This week's book giveaway is in the OCAJP 8 forum. We're giving away four copies of OCA Java SE 8 Programmer I Study Guide and have Edward Finegan & Robert Liguori on-line! See this thread for details.
i am trying to use httpclient to get content from a url which returns me xml.
it is working properly for english but for Thai or Chinese character i am getting message like <Text>à¸à¸²à¸¡à¸ªà¸à¸¸à¸¥</Text>
instead of proper Thaicharacters.
i tried to set encoding like
but it is not working.
Character encoding problems can be confusing to solve, because the problem can be in one of many places.
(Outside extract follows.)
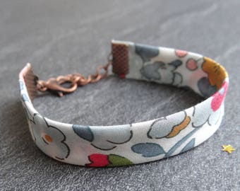 Bracelet, Liberty London Betsy P cuff, flowers, light grey, dark grey and yellow

For example, it could be at the point where you read the data and convert it to characters, or at the point where you display the data.
Check every step of the process, from receiving to displaying the data, and make sure you're aware of what character encoding is used at each step.
How are you displaying the data? Note that the Windows command prompt can't deal properly with different character encodings, so if you print stuff with System.out.println() you might see strange characters instead of the Thai letters you expect.
It appears that you're trying to download XML using HttpClient. Remember that the encoding you should use to interpret the data in the response is the encoding of the HTTP response and not the encoding declared in the XML document. So defaulting the encoding to UTF-8 might be the wrong thing to do. When I encountered this sort of problem my fix was to find the encoding used in the response -- there's a method in HttpClient which allows you to do that.